• PROBLEM REQUIREMENTS
Return every record below exactly as written, omitting any pictures.

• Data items
┄┄┄┄┄┄┄┄┄┄
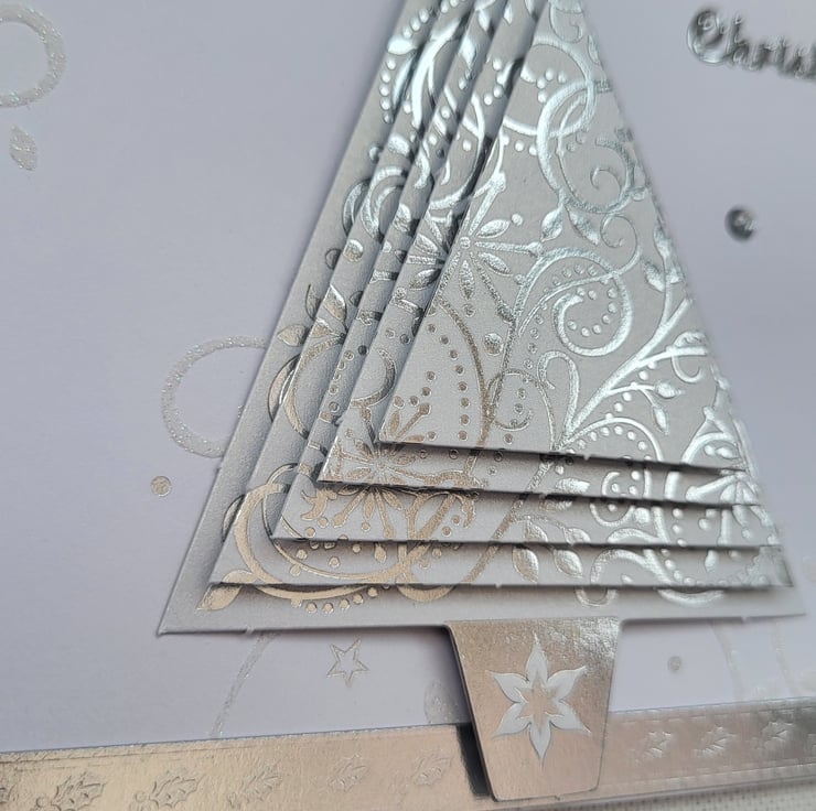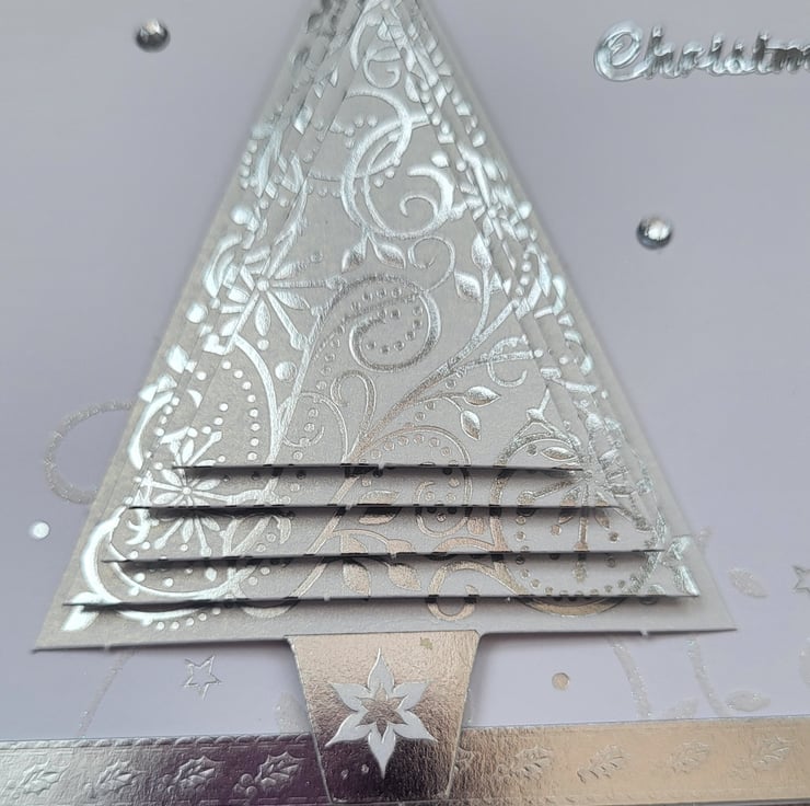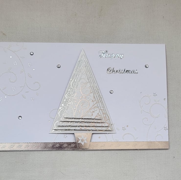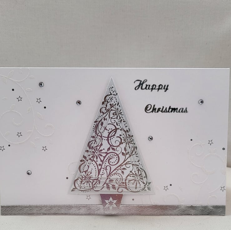 An elegant but simple Christmas card created with a pyramid 3d decoupage Christmas tree. On an embossed and foiled card. There are some diamontes dotted about to add a bit more Christmas sparkle. The sentiment Happy Christmas has been added in silver.
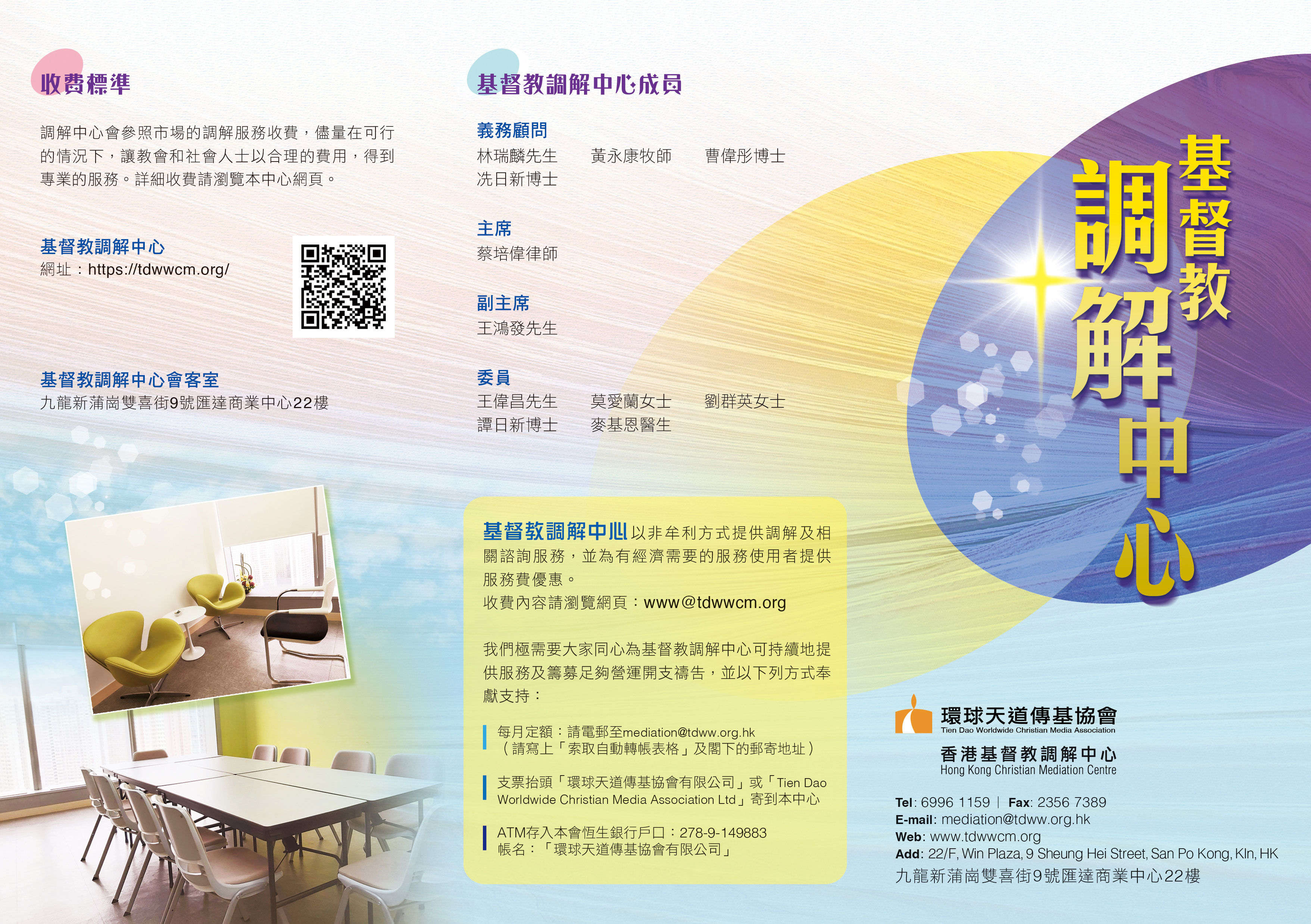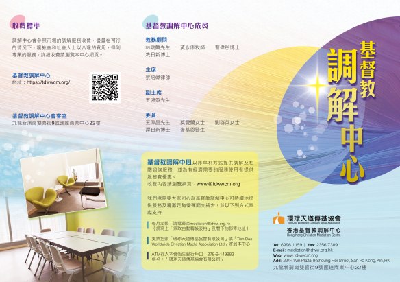 三. 基督教調解服務:把「使人和睦」這基督教觀念普及信徒,舉辦實用的調解課程、推廣由有專業資格的基督徒主理的調解服務。這方面將會配合早已開展的「關心學童計劃──青少年心理健康」事工。除了推介講座之外,期望今年內開展到校輔導服務,以及推行「使人和睦大使」活動。當然我們會繼續推行目前各項有意義的事工,特別是在大眾傳媒出版《談天說道》這非常有價值的專題及專業文章。
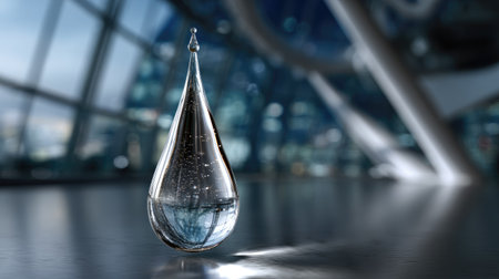 A close-up captures a water drop suspended against a blurred backdrop. The image displays a smooth texture, with cool tones dominating the scene. The composition evokes a sense of freshness and purity, suitable for various editorial and commercial applications. The background includes bright lights.
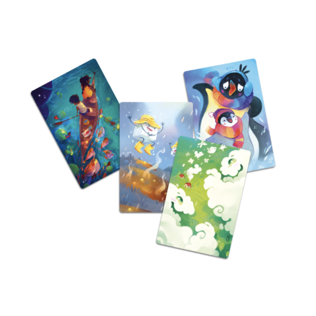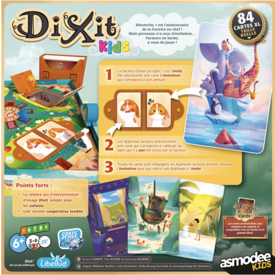 Les 84 Cartes XL du jeu Dixit Kids sont adaptées aux enfants et sont compatibles avec les autres boîtes de la gamme Dixit.
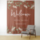 Decoración de boda florido y sobrio con suelo de terracota, decoración elegante con caligrafía de diseño, follaje de hojas botánicas, diseño minimalista sencillo y minimalista, florido de color blanco, señalización de bienvenida boda, decoración elegante de la recepción matrimonial, estilo boda clásico tradicional, decoración boda simplista, elegante color boda moderno.
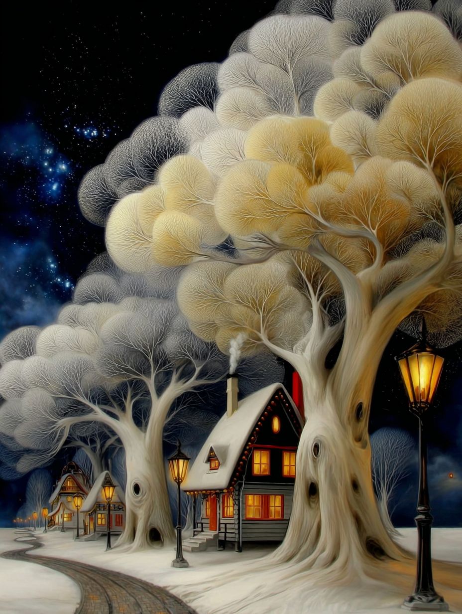 一個寧靜的冬季場景,雪覆蓋的土地,房屋被大樹照亮,星空和溫暖的街燈增添了迷人的氛圍。
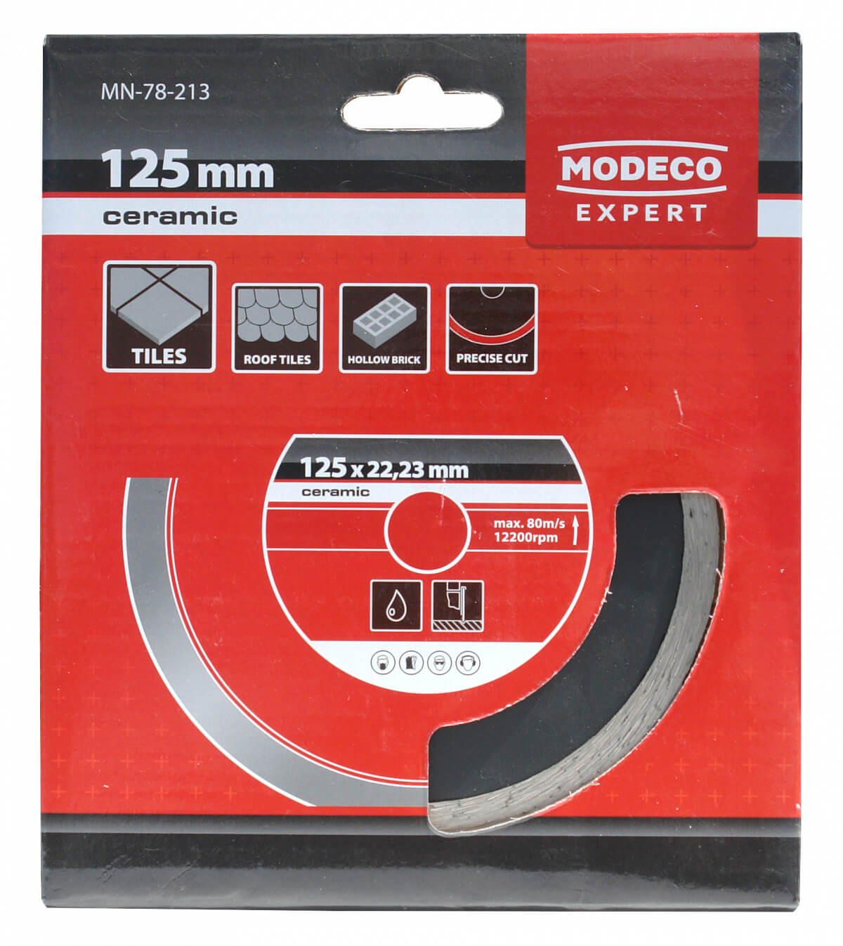 Forma continuă și calitatea înaltă a segmentului discului diamantat vă permit să tăiați cu precizie plăci glazurate și alte materiale ceramice
┄┄┄┄┄┄┄┄┄┄
• SOLUTION TO THE PROBLEM
 An elegant but simple Christmas card created with a pyramid 3d decoupage Christmas tree. On an embossed and foiled card. There are some diamontes dotted about to add a bit more Christmas sparkle. The sentiment Happy Christmas has been added in silver.
 三. 基督教調解服務:把「使人和睦」這基督教觀念普及信徒,舉辦實用的調解課程、推廣由有專業資格的基督徒主理的調解服務。這方面將會配合早已開展的「關心學童計劃──青少年心理健康」事工。除了推介講座之外,期望今年內開展到校輔導服務,以及推行「使人和睦大使」活動。當然我們會繼續推行目前各項有意義的事工,特別是在大眾傳媒出版《談天說道》這非常有價值的專題及專業文章。
 A close-up captures a water drop suspended against a blurred backdrop. The image displays a smooth texture, with cool tones dominating the scene. The composition evokes a sense of freshness and purity, suitable for various editorial and commercial applications. The background includes bright lights.
 Les 84 Cartes XL du jeu Dixit Kids sont adaptées aux enfants et sont compatibles avec les autres boîtes de la gamme Dixit.
 Decoración de boda florido y sobrio con suelo de terracota, decoración elegante con caligrafía de diseño, follaje de hojas botánicas, diseño minimalista sencillo y minimalista, florido de color blanco, señalización de bienvenida boda, decoración elegante de la recepción matrimonial, estilo boda clásico tradicional, decoración boda simplista, elegante color boda moderno.
 一個寧靜的冬季場景,雪覆蓋的土地,房屋被大樹照亮,星空和溫暖的街燈增添了迷人的氛圍。
 Forma continuă și calitatea înaltă a segmentului discului diamantat vă permit să tăiați cu precizie plăci glazurate și alte materiale ceramice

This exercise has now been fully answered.